As they address these provocative yet fundamental questions, cosmologists can rely only on indirect, circumstantial evidence, using measurements made in the accessible part of the universe to make inferences about the places that cannot be observed. That limitation makes it much harder to prove one's case "beyond a reasonable doubt." But because of remarkable recent developments in cosmology, some of the ultimate cosmic questions now have answers that we have some reason to believe.

The emerging cosmic worldview combines, in surprising ways, some seemingly contradictory features: the universe is both infinite and finite, evolving and stationary. That view of the universe also holds that in some remote regions there are planets exactly like our Earth, with continents of the same outline and terrain, inhabited by identical creatures, some of them holding copies of this magazine in their hands.

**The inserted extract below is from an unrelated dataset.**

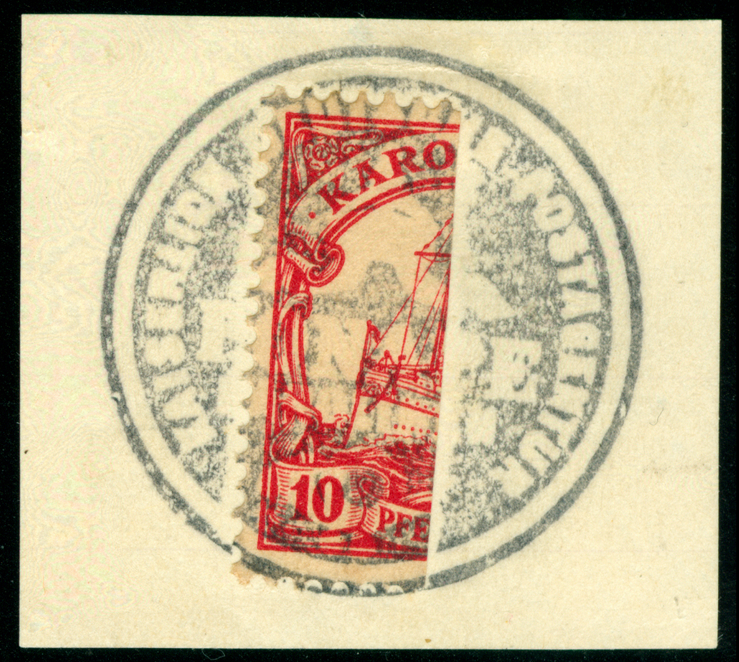 Bisected in Ponape postage stamp of the German Caroline Islands, SMY Hohenzollern issue, 10 pfennigs, 1905

The core of the new cosmological paradigm is "eternal inflation" a subject of my research that grew out of the theory of inflation first put forward in 1980 by Alan Guth, a physicist at the Massachusetts Institute of Technology. Guth suggested that the early universe contained some highly unusual material that created a strong repulsive gravitational force. That special material is known as the false vacuum, and according to Guth, it blew the universe up.

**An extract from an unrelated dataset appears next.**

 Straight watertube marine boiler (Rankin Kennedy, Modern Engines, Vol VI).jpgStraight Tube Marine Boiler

A vacuum is empty space-space devoid of all material particles. It is often regarded as synonymous with nothing. But according to modern theories of elementary particles, a vacuum is a physical object; it can be charged with energy and can come in different states. We live in the lowest-energy vacuum, the so-called true vacuum (familiar empty space). High-energy vacuums are called false because, unlike the true vacuum, they are unstable. The most remarkable property of a false vacuum is its repulsive gravity. According to Einstein, if a vacuum has energy, it should also have tension, which has a repulsive gravitational effect. The repulsion due to vacuum tension turns out to be three times stronger than the attractive gravity of the vacuum energy (which is related to mass via Einstein's formula E=[mc.sup.2]). The net effect is a strong repulsive force.

Guth considered what would happen if, at some early epoch, the entire universe were in a false-vacuum state. He found that the repulsive gravity of the vacuum would cause the universe to expand exponentially--or, in other words, by a constant factor for each constant interval of time. Exponential growth can be characterized by the doubling time, or the time it takes for a given quantity to double in size. (The doubling time for $100 invested at 6 percent annual interest, for instance, is about twelve years, so that at the end of twenty-four years the $100 investment is worth about $400.)

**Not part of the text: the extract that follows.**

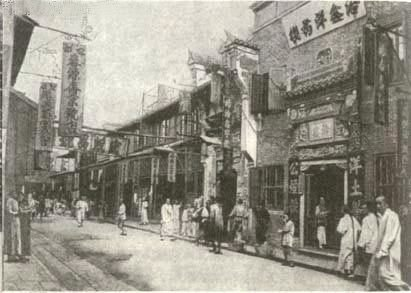 Shanghai in 19th Century

For the expansion of a universe permeated by a false vacuum, the doubling time is unbelievably short. It depends on the energy density (measured in units of energy per cubic centimeter) of the particular kind of false vacuum, but it never exceeds one ten-billionth of a second. A straightforward calculation shows that the universe would expand by a factor of a googol ([10.sup.100]) in less than one-thirtieth of a microsecond.

Since a false vacuum is unstable, it eventually decays, turning into the true vacuum. In so doing, its prodigious energy ignites a hot fireball of elementary particles. That event signals the end of inflation and the starting point of the usual cosmological evolution. It plays the role of the big bang in Guth's cosmology. Thus an enormous, hot, expanding universe emerges from a tiny initial seed.

The theory of inflation was little more than a speculative hypothesis when Guth proposed it, but it was soon enhanced and developed by the work of many physicists, most notably Andrei Linde of Stanford University. Moreover, in the late 1990s, observations of distant supernovae and of the cosmic microwave background radiation--a faint afterglow of the big bang--gave the theory an enormous boost of corroborating observational evidence. So today, inflation is well on its way to becoming one of the cornerstones of modern cosmology.